Under the plan, put forward by the Home Affairs Bureau, internet cafes with at least five computers will be regulated. But internet kiosks at hotels and airports, on private housing estates and at youth centres will not be affected.

The government says that children under 16 will be barred from entering internet cafes between midnight and 8am. Internet cafes inside residential or mixed-use buildings will have to close by midnight. In other words, only cafes inside commercial buildings will be allowed to operate after midnight.

Alcoholic drinks will not be allowed and filters barring access to violent and erotic websites must be in place. In addition, partitions separating different computers cannot be higher than 1.5 metres.

Some of the rules are already listed in a code of practice issued to internet cafe owners in 2003, but compliance has been voluntary.

Secretary for Home Affairs Raymond Young Lap-moon said the plan was put forward because, despite this code of practice, some people were still worried that cafes were gathering places for young delinquents.

According to Young, there are more than 200 internet cafes in the city, with about half belonging to commercial chains. An average of about 20 complaints and two crimes were linked to the cafes each year.

The plan will go through a series of consultations in the next few months, and will be tabled in the Legislative Council by the middle of next year.

Teens had mixed views about the plan. Ken Cheung Kwan-kiu, 16, said cafes might have attracted some hooligans in the past, but this had stopped. Cafe staff kept a keen eye on anything suspicious, because they had been subject to increased police inspections.

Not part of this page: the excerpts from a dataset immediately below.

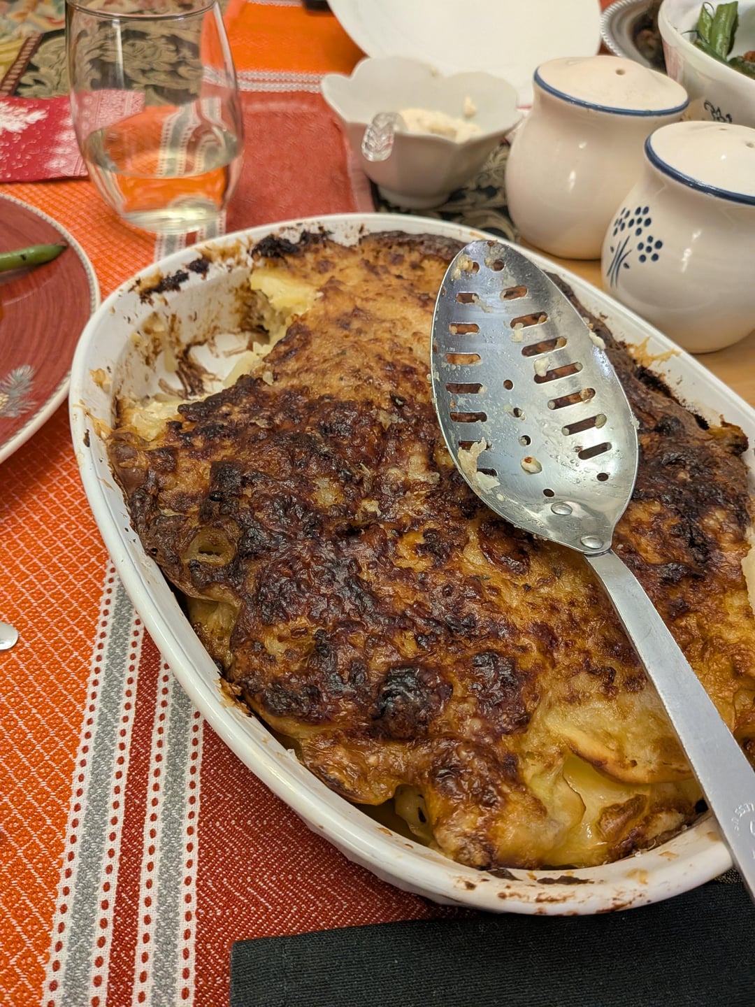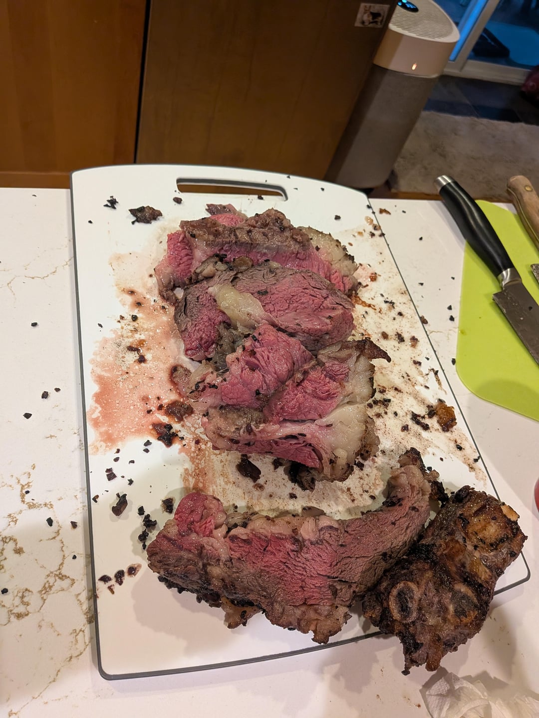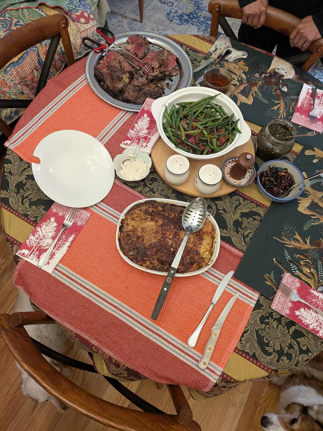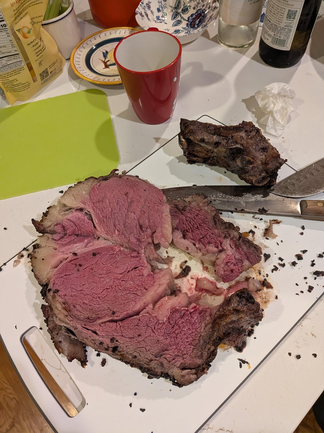 ~3+lb prime rib, some scalloped potatoes, and a green bean/cranberry/bacon/goat cheese dish with sauces and such on the side. Prime rib turned out perfect, but the cuts were a disaster because the parents don’t keep sharp knives. At least I know what services I’m getting as a gift next time!
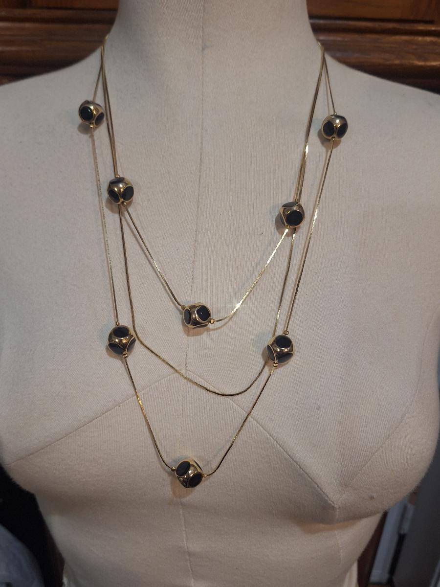 multi-strand gold-plated cobra chain necklace with black faux onyx cabochons.
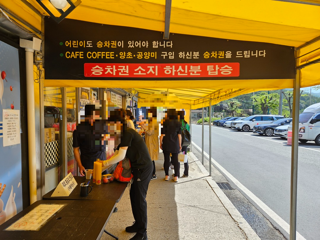 걸어서 가도 괜찮지만 산행이 초행인 지인도 있어 최대한 체력을 아끼기 위해 셔틀버스 탑승하기로 했습니다.
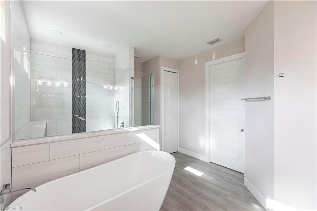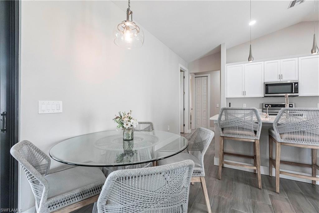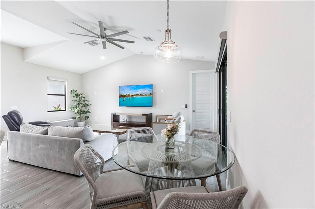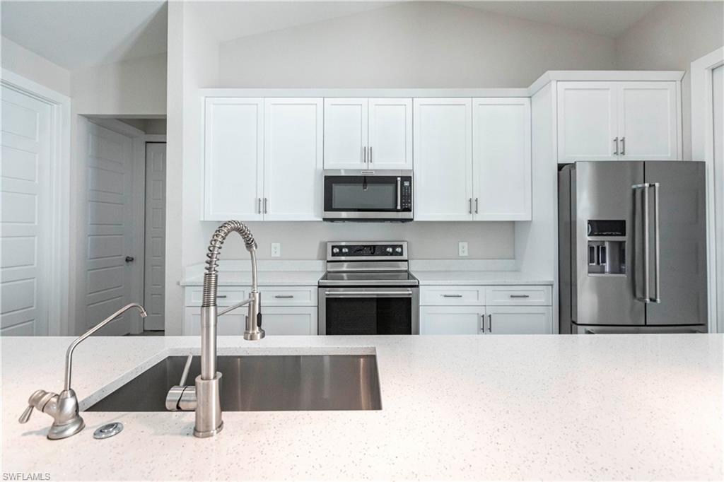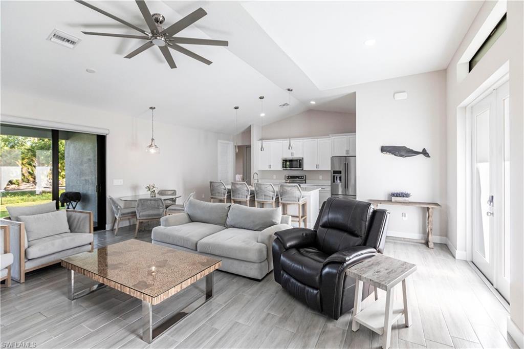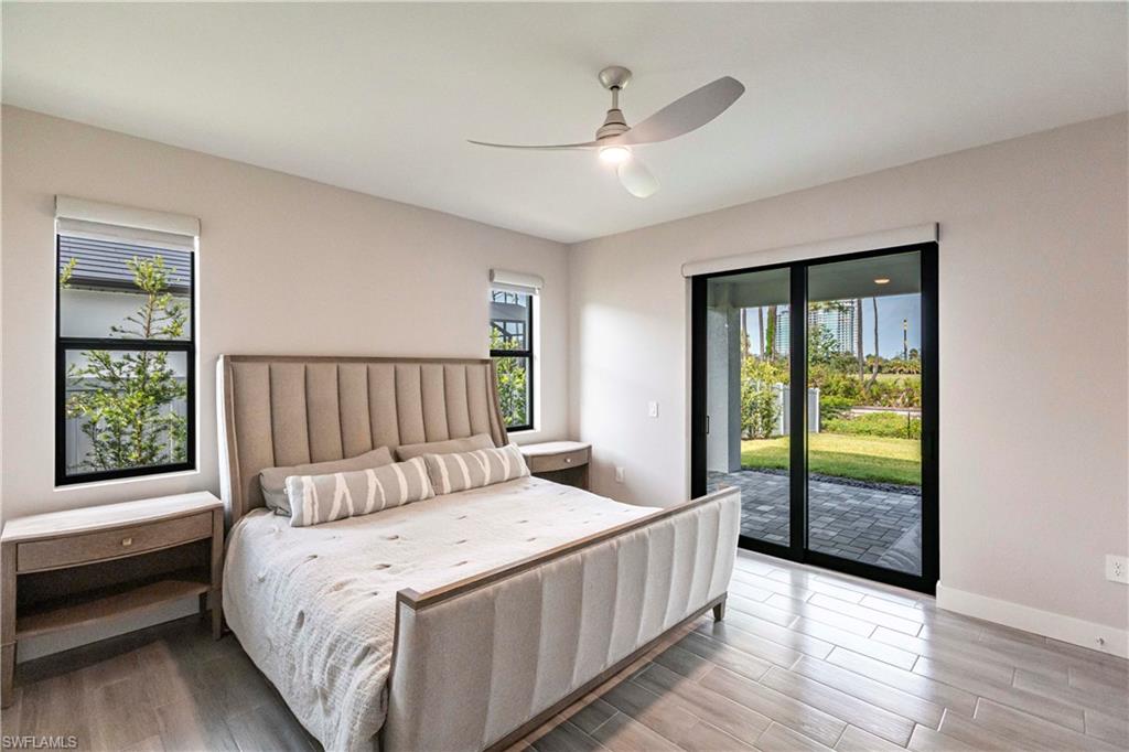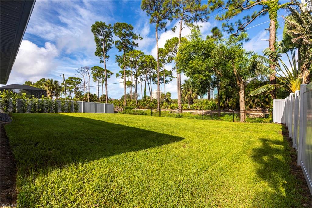 Nearly new construction, set directly on the Saltleaf Golf Preserve in Bonita Springs, this modern golf course 4-bedroom, 2-bath home is located in El Dorado Acres, a quiet no-HOA neighborhood west of U.S. 41. Built in 2023 and thoughtfully enhanced since, the single-story residence provides bright, open living with tile flooring throughout, quartz countertops, custom wood cabinetry, stainless-steel appliances, and abundant natural light. The open-concept layout flows seamlessly from the kitchen to the living area and out to the backyard, for entertaining or everyday living. The primary suite is a private retreat with golf course views and a spa-inspired bath featuring a soaking tub, walk-in shower, dual vanities, and his and her walk-in closets. Three additional bedrooms have flexibility for guests or a home office. Impact-rated windows and doors provide added peace of mind. The west-facing, fully fenced backyard overlooks the golf course, offering peaceful preserve views and room for a pool. Just minutes from Bonita Beach, Barefoot Beach, Lovers Key, Coconut Point Mall, the Hyatt Regency Coconut Point, and the future Ritz-Carlton Residences with public marina access, this home exemplifies modern comfort, lifestyle freedom, and an exceptional location.

He was unsure how successful the plan would be. 'If they can't stay in the cafes overnight, teenagers will just go somewhere else,' he said. 'There will not be much effect.'

Another teenager said the plan might not be easy to implement as cafe staff might not be keen on checking teenagers' ID cards.

Chan Ka-ling, a social worker and director of Youth Outreach's School of Hip Hop, said the plan itself was not enough to solve the problem of teen delinquency in internet cafes.

She said the government should work with youth centres to come up with a strategy on how to deal with teenagers who caused trouble.

Otherwise, she said, teenagers would just go to game centres if they were banned from internet cafes. She and her team had been visiting internet cafes, trying to get troubled teens back on the right track.